Will Reality Set In?
As we begin the second session of the 110th Congress today, Republicans will do our part by ensuring, as we did last year, that onerous or dangerous laws stay on the shelf, while working to enact needed security and economic policy to keep the country strong.
When the Democratic majority adopted a winner-take-all approach last year, Republicans held together. Senate Democrats tried again and again to pass partisan legislation while ignoring our input. They failed.
Partisanship was strongest on issues of national security. By the end of the year, the Majority had held 34 votes related to the war in Iraq and its opposition to the Petraeus Plan. Yet whenever Republicans defended the view that Congress should not substitute its military judgment for the judgment of our military commanders or cut off funds for troops in the field, we prevailed.

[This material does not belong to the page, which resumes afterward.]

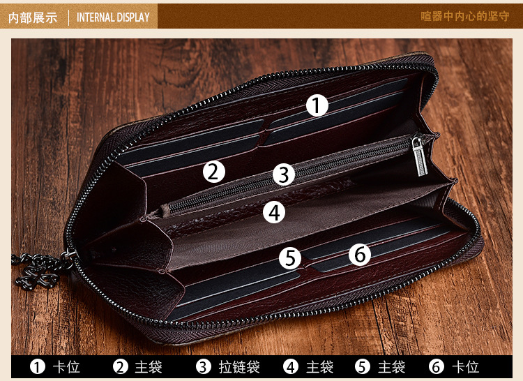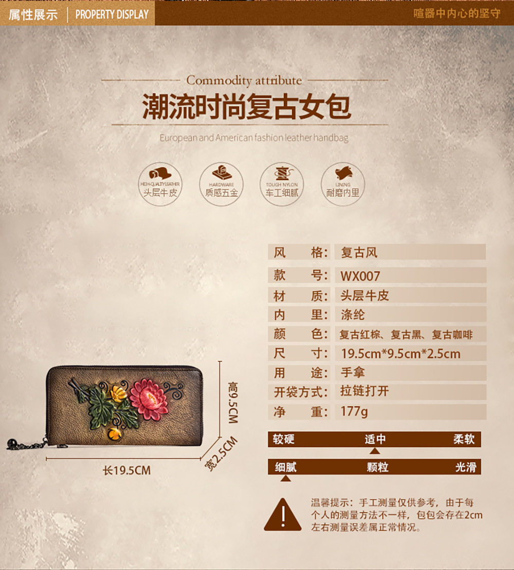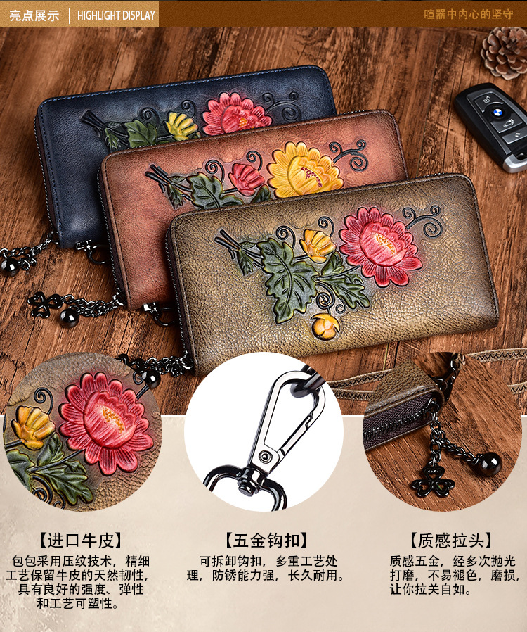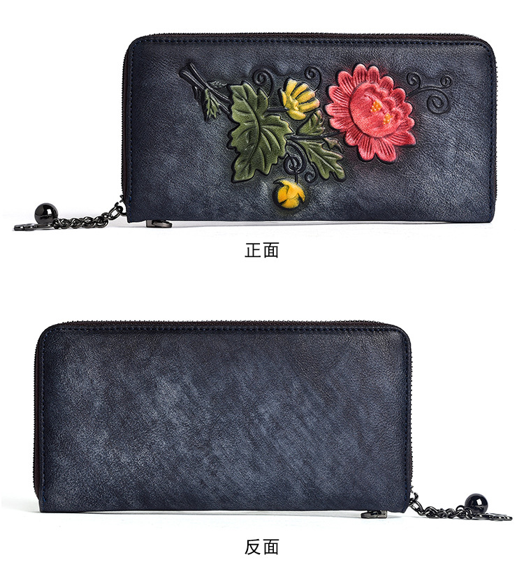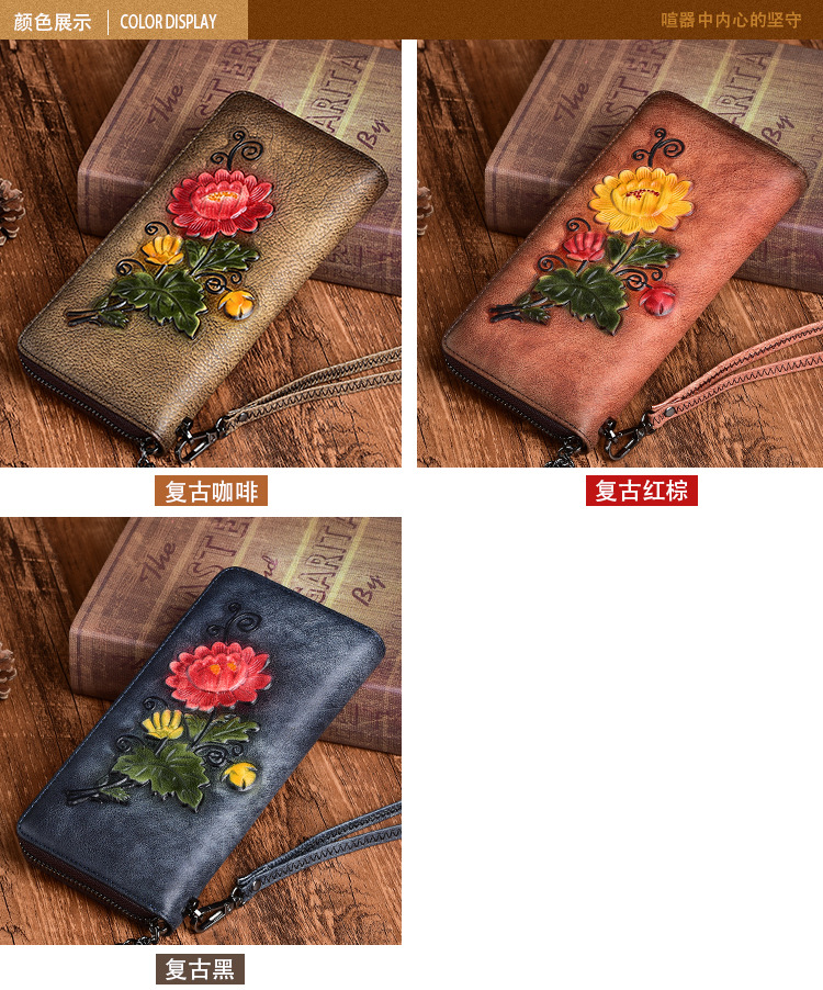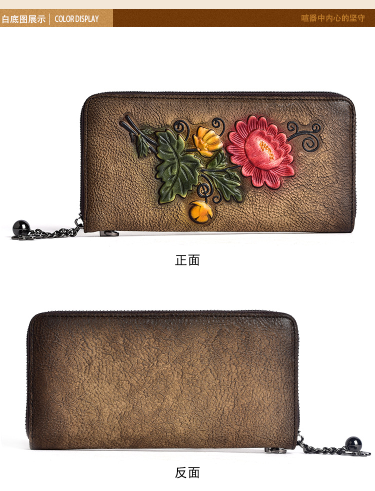 Factory Direct Sales New Anti-Theft Wallet for Women, Vegetable-Tanned Leather, Women's Zipper Bag, Vintage Embossed Color-Washed High-End Practical

But after 11 months of trying to cut funds for troops, weaken our intelligence programs and adding deficit spending, Democrats changed their tactics. They included Republicans in the debate and succeeded in passing funds for the troops, a spending bill that met the President’s top budget line, averting a middle class tax hike and passage of an energy conservation bill without raising utility rates or increasing taxes.
As we move into 2008, the problems we face are big, they’re real, and they’re urgent. And Americans expect competence, cooperation, and results. It’s in our power to deliver. And it’s in everyone’s interests that we do.
Above all, we need to come together to protect and defend Americans. We also need to come together to meet the economic challenges of our country. And we will need to come together to protect Americans’ quality of life by keeping taxes low, and by working to relieve anxieties about healthcare, tuition, the cost and quality of education, jobs, and the fate of entitlements. These goals have a common theme: protecting and strengthening America. It’s a theme that can and should guide us this year in everything we do.
Our first responsibility, of course, is to keep Americans safe. The best argument in favor of our current strategy of staying on offense in the War on Terror is the fact that not a single terrorist act has been carried out on American soil since September 11, 2001. This policy has worked. And the Senate should affirm that the Petraeus Plan is working and renew our commitment to the brave men and women of the Armed Forces whose hard work over a number of years has helped change the story in Iraq in 2007. We must continue to ensure that it does by giving those who protect us all the tools they need.
Beyond that, we should invest in the future of our military. This remarkable volunteer force is built on the finest training, weaponry, and education system in the world. We need to support this great national resource not only to retain our strength for today’s battles, but in preparation for the unexpected challenges that lie ahead – particularly in the Persian Gulf and in the Pacific, where our strategic interests will be challenged for years to come.
One of the most valuable tools in this effort is the Foreign Intelligence Surveillance Act (FISA), which lets us monitor foreign terrorists overseas and react in real-time to planned attacks.
In August we updated this protection with bipartisan passage of the Protect America Act. Yet with only nine days to go before it expires, we need to pass new legislation that allows the intelligence community to continue its work and which assures telecom companies they won’t be sued for answering the call to help in the hunt for terrorists.
We’ll work toward responsible legislation to empower individuals and protect the doctor-patient relationship by promoting research into new treatments and cures and by investing in new information technology. We can also increase access by letting small businesses pool resources to get the same deals from insurers that big businesses do.
We should also be able to agree that too many judicial posts have been left empty too long. Last year we confirmed 40 judges, including six circuit court nominees, and an attorney general. But we’re not on pace to keep up with historical precedent. The average for circuit court confirmations in the last Congress of a divided government is 17. President Clinton – who had the second most judicial confirmations in history, despite having to deal with a Republican Senate almost his entire time in office – had 15 circuit court confirmations in his last Congress.
Building on the successes of last year, Republicans are eager and prepared for another strong session. Despite our minority status, we’ve proven ourselves equal to the task. Democrats can take the lessons of last year, work with Republicans and shed partisan or risky legislation. Or they can spend their time they way they did early last year.
But there’s no education in the second kick of a mule. Let’s not waste time in 2008 relearning the lessons of 2007.